Our children need to see that we have the wisdom to know how to handle a crisis when it comes. Whether it is a life struggle, a home emergency, or a sickness or death, how we handle the crisis will give stability and comfort to our children. This will prepare them for their futures and will show them how to manage a crisis in their lives that will surely come one day.
In I Samuel 25 is found the story of Abigail, who was a lady who wisely handled a crisis that saved her family’s life. When her husband was not wise enough to treat David and his men kindly, she was smart enough to handle the crisis without making her husband look bad. Here are several thoughts from her life that will help us in a crisis.
She was a wise woman.
If we want to have the wisdom to help in any situation, we must be in God’s Word. I love studying the word wisdom in the Bible because God gives us so many verses to help us to understand how to obtain the wisdom we need. Her wisdom was evident in a crisis. She did not have time to talk it over with others; she had to act quickly. That is why it is so important to have a consistent walk with God. When a life crisis comes at us without warning, we will need wisdom to deal with it. There will be times when we must make spur-of-the-moment decisions. It is in those split seconds of time that the most critical decisions are made. Abigail did not have time to sit and to ponder; she had to make a decision immediately.
She was bold.
David was a powerful man who easily could have destroyed her family. Abigail was wise enough to act boldly in order to protect her family and David’s reputation. David commented on her wise boldness in verses 32-33 by saying, …Blessed be the LORD God of Israel, which sent thee this day to meet me: And blessed be thy advice, and blessed be thou, which hast kept me this day from coming to shed blood, and from avenging myself with mine own hand. There are times when we must be bold, but as ladies we must be wise enough not to allow our boldness to usurp a man’s authority.

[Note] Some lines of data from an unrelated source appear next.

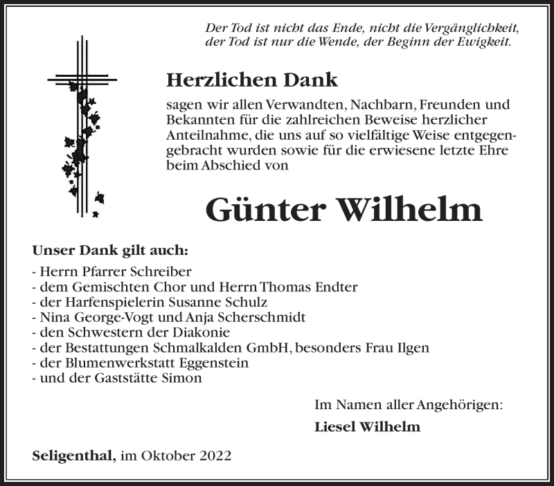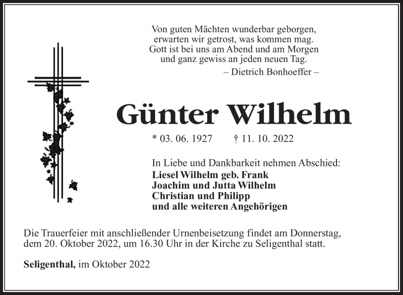 Hier finden Sie alle Traueranzeigen aus der Zeitung, die bisher für Günter Wilhelm erschienen sind. Weitere Traueranzeigen, die in der Zeitung erscheinen, werden hier ebenfalls aufgelistet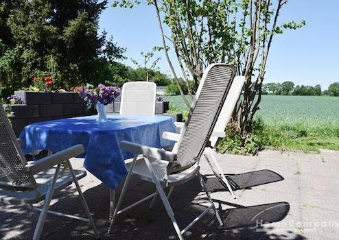 großen Terrasse mit Tisch und Stühlen, Westseite direkt am Feld gelegen,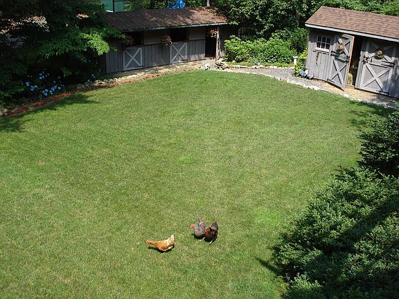 Large contemporary house with many windows overlooking heavily forested area with riding and walking trails. Cedar siding, no paint, low maintenance. Beautiful yard with tennis court, hot tub, horse paddock and out buildings. Two fireplaces, large kitchen with sliders leading onto large deck. Many amenities; property and interior of house protected by video and other security systems. Neighborhood Description Excellent school system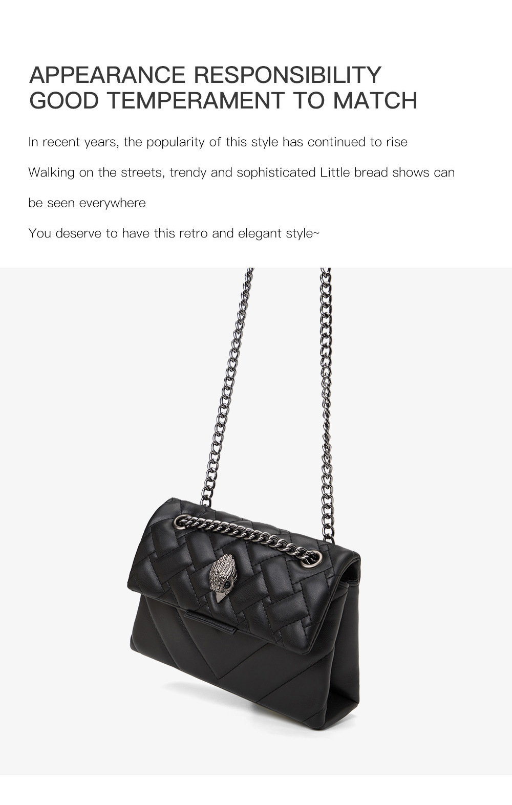 This elegant quilted leather chain bag features a sophisticated design with a distinctive bird head clasp, making it a stylish accessory suitable for various occasions. Crafted from high-quality materials, it combines a retro aesthetic with modern functionality, offering a versatile option for daily use or special events.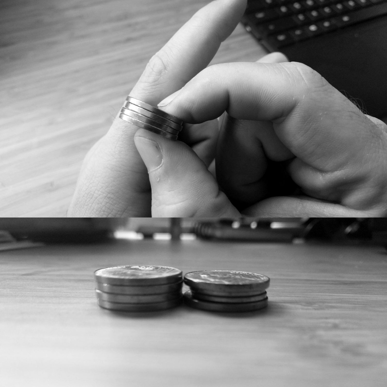 One good trick when selecting ring width is to make a stack of nickels. The edge of a nickel is 2mm. So you can stack 3 (6mm), 4 (8mm) or 5 (10mm) and then hold that stack up to your finger to visualize the width of your ring.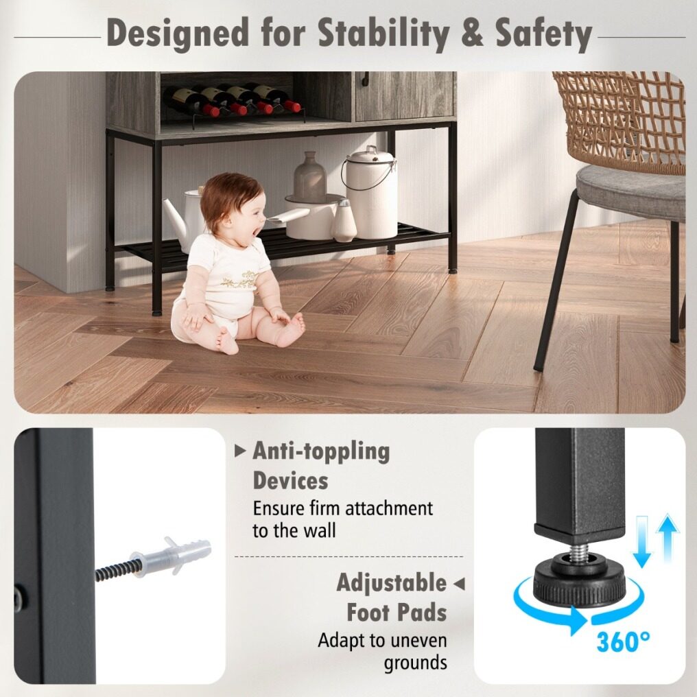 Equipped with 2 AC outlets and 2 USB ports, the buffet cabinet charges your devices easily. While the cable management hole keeps wires out of sight. Besides, this console table boasts ample storage space to hold items within reach. Bottom metal shelf offers easy access to different kinds of utensils. The convenient handle allows for easy opening of the door yet the magnetic door catch ensures a firm close. In addition, the sturdy metal frame and adjustable foot pads ensure stability. Designed for stability and safety, there are anti-toppling devices included. This buffet sideboard table is a perfect addition to any room, such as the kitchen, dining room, living room or entryway. Furthermore, installation is a breeze with an easy-to-follow user’s manual.

She brought peace to the situation.
Her wisdom brought peace to this stressful situation. Verse 35 says, So David received of her hand that which she had brought him, and said unto her, Go up in peace to thine house; see, I have hearkened to thy voice, and have accepted thy person. When our children begin arguing and fighting, as they often do, we must have enough wisdom to stop the skirmishes to keep peace in our homes. We will bring harmony to our marriages if we are wise in handling disagreements with our husbands. Instead of using sharp words or losing our tempers when tense situations arise, we must be wise with our responses. We must determine to be the peacemakers and not to be the instigators.
She thought quickly and moved on her decision.
Her decision was life or death for her family, and she was willing to stand strong when her husband was weak and did not care. Let us consider, “When my husband is not strong, do I still stand strong? Am I wise enough to move without making my husband feel inferior?” We can still handle situations and be submissive to our husbands’ leadership if we learn how to think quickly and how to make wise decisions. Proverbs 2:6 says, For the LORD giveth wisdom: out of his mouth cometh knowledge and understanding. If we read God’s Word daily, we will find that God’s wisdom gives us the understanding to make the right decisions during our crises.
She knew how to diffuse the situation.
Abigail was wise enough to gather the food for David and his men, which was what diffused the heated situation. Proverbs 13:10 says, Only by pride cometh contention: but with the well advised is wisdom. Let us consider, “Do I ask God for His wisdom to diffuse those contentious situations?” Saying the right thing at the right time can stop a crisis situation. Proverbs 25:11 says, A word fitly spoken is like apples of gold in pictures of silver. Our words must be that “word fitly spoken” by using God’s wisdom to diffuse those situations that will harm our families.
There will be times when our husbands will not be there to handle the crises. In those times, we must be wise enough to handle the situations ourselves. We can only gain that wisdom by spending time with God.
Abigail was a strong woman who knew how to use her strength and wisdom during a crisis. She did not undermine her husband’s authority by acting angry and brash, but instead handled the situation with grace and dignity.
When our crises come, will we be prepared?